Women with ovarian cancer symptoms not immediately being referred to specialists: study

0
144

Bridget Whelan underwent genetic testing after being diagnosed with ovarian cancer.

Bridget Whelan underwent genetic testing after being diagnosed with ovarian cancer. Photo: Steven Siewert

Almost half of women diagnosed with ovarian cancer presented to a GP with symptoms at least twice before being referred to a specialist, a new study has found.

The finding is based on an Ovarian Cancer Australia study of 183 women with ovarian cancer which also found that one in five women had to see a GP about their symptoms three or more times before being referred to a specialist for testing.

The study found 18 per cent of women were diagnosed after presenting at emergency rooms with severe symptoms. Of these women, almost a third had reported concerns about symptoms to a GP three or more times.

A number of women participating in the study reported that their symptoms were not recognised as relating to ovarian cancer. One women saw her GP four times and was told to eat more fibre. Other women told of being repeatedly investigated for Irritable Bowel Syndrome.

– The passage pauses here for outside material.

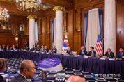[인천광역신문] 관리자 기자 | 이재명 대통령은 25일(현지시간) 미국 워싱턴 D.C. 소재 호텔에서 개최된 '한미 비즈니스 라운드테이블-제조업 르네상스 파트너십'에 참석했다고 대통령실은 밝혔다. 이 대통령의 첫 미국 방문에 맞춰 개최된 이번 행사에는 한국경제인협회의 류진 회장을 비롯, 삼성전자 이재용 회장, SK 최태원 회장, 현대차 정의선 회장, LG 구광모 회장 등 주요 그룹 총수와 한화 김동관 부회장, HD 현대 정기선 부회장, 두산에너빌리티 박지원 회장, 셀트리온 서정진 회장 등 다양한 분야에서 미국과 협력 관계가 큰 16인의 국내기업인들이 참석했다. 미측에서는 엔비디아(NVIDIA) 젠슨 황 CEO, 칼라일(Carlyle) 그룹 데이비드 루벤스타인 공동회장을 포함해 보잉, 다나허, 어플라이드 머티리얼스 등 미국의 대표 기업인 21명이 참석했다. 이 대통령은 기조연설을 통해 "양국 기업인들이 한미 협력의 중추"라고 격려하며, "과거 미국이 한국의 초고속 성장에 기여했듯, 제조업 최고의 기술력을 보유한 대한민국이 미국 제조업 르네상스를 달성할 최적의 파트너임"을 강조했다. 또 "양국이

Common symptoms of ovarian cancer include increased abdominal size or persistent abdominal bloating, abdominal or pelvic pain, the need to urinate often or urgently, feeling full after eating a small amount, tiredness and a change in bowel habits.

“In all cancers, the earlier that you can diagnose the cancer and the faster that you can get people into treatment, the better the outcomes are going to be,” said Helen Gooden, a senior research and advocacy officer at Ovarian Cancer Australia.

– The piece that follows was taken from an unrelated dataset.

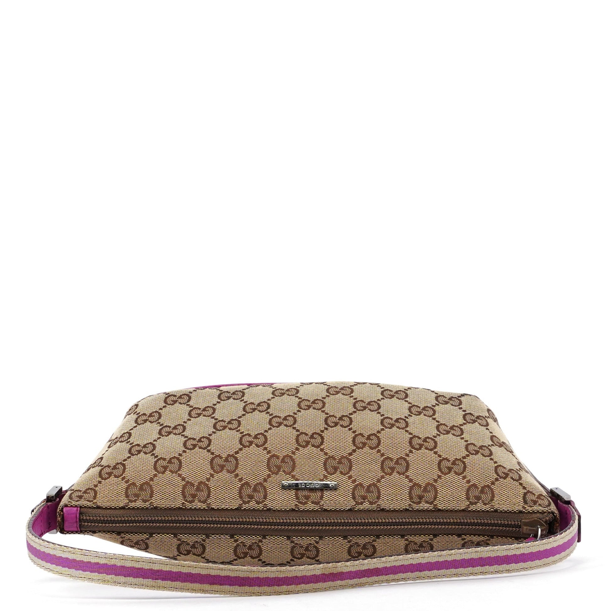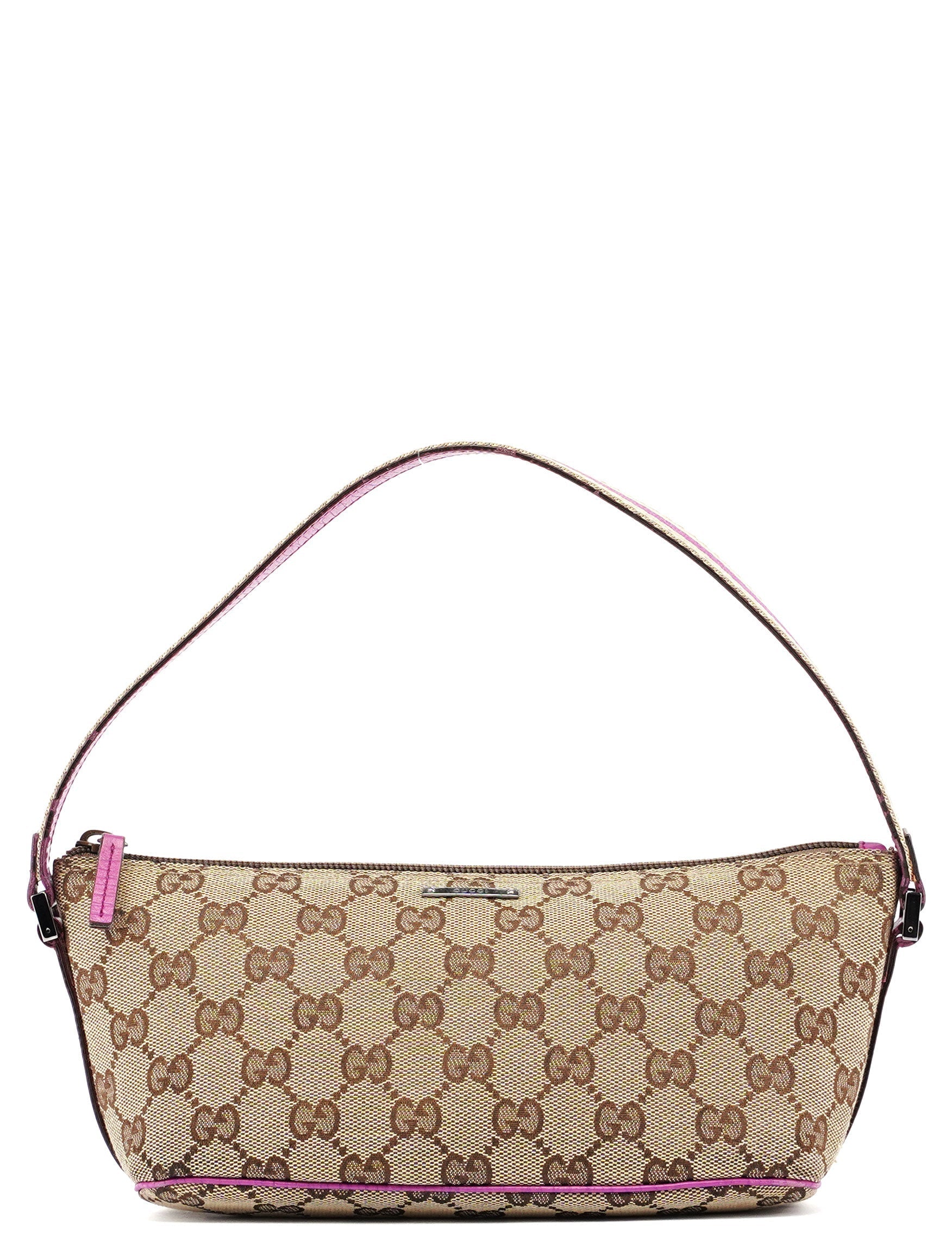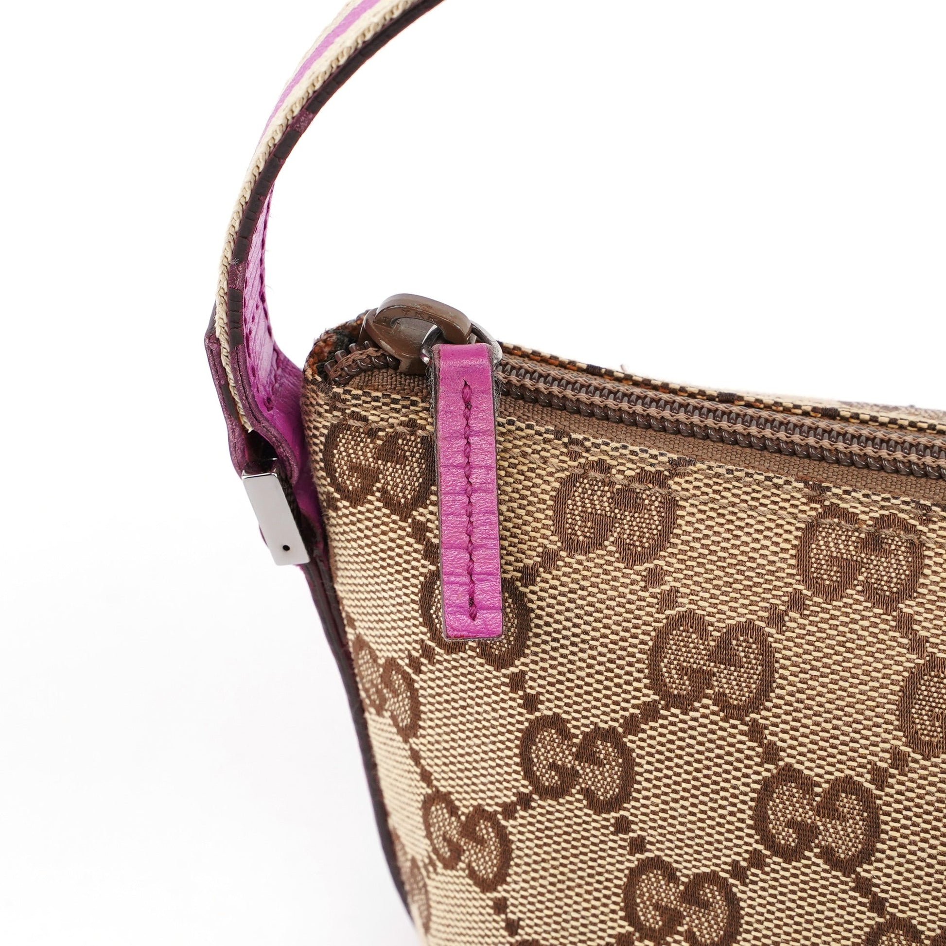 Explore timeless elegance with the Gucci GG Boat Pochette by Tom Ford, circa late 1990s. This exquisite piece combines beige GG canvas with pink leather trim and silver-tone hardware. Its secure zip closure and satin-lined interior offer luxury and practicality, while the subtle Gucci plaque adds a touch of heritage. A perfect blend of vintage charm and sophistication.
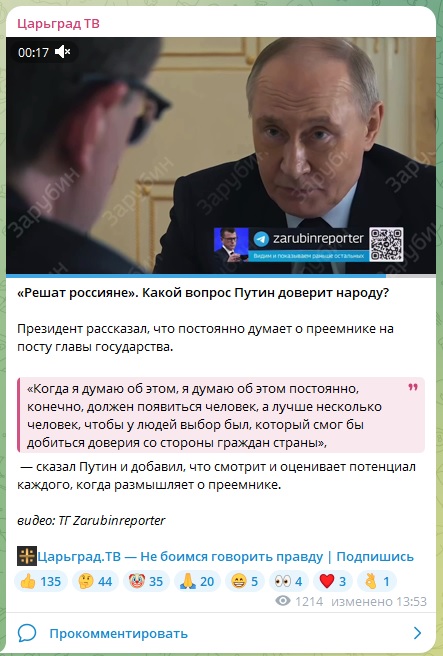 Слова президента Путина о том, что он постоянно думает о преемнике, - это не случайно. После достижения мира система управления в стране поменяется - Конституция готова для этого,

Dr Gooden said the results were not a criticism of GPs. About 1500 Australian women will be diagnosed with ovarian cancer this year, and it was possible for one of the nation’s 32,000 GPs to go through their career without ever seeing a case of ovarian cancer. “But we don’t want one to be missed,” Dr Gooden said.

She said women should speak to their family about any family history of cancer. Inheriting a faulty gene significantly increases a woman’s risk of developing ovarian or breast cancer.

It is believed up to one in five cases of ovarian cancer are inherited. Yet the study found only a quarter of women were asked about their family history by a GP before their diagnosis.

Sydney woman Bridget Whelan encouraged all her female cousins to undergo genetic testing after being diagnosed with ovarian cancer and discovering she had inherited the defective gene from her father. One of her cousins has since had a preventative hysterectomy after testing revealed she also carried the gene.

Ms Whelan said she would like all women who are diagnosed with ovarian cancer to be offered genetic testing.

“Not all women are, and it’s a shame for them and their families,” she said.

Some medications are more effective for women with the faulty gene, and women at increased risk of developing ovarian cancer because of their genes may qualify for special screening programs.

Ms Whelan is about to start treatment for the second recurrence of her cancer.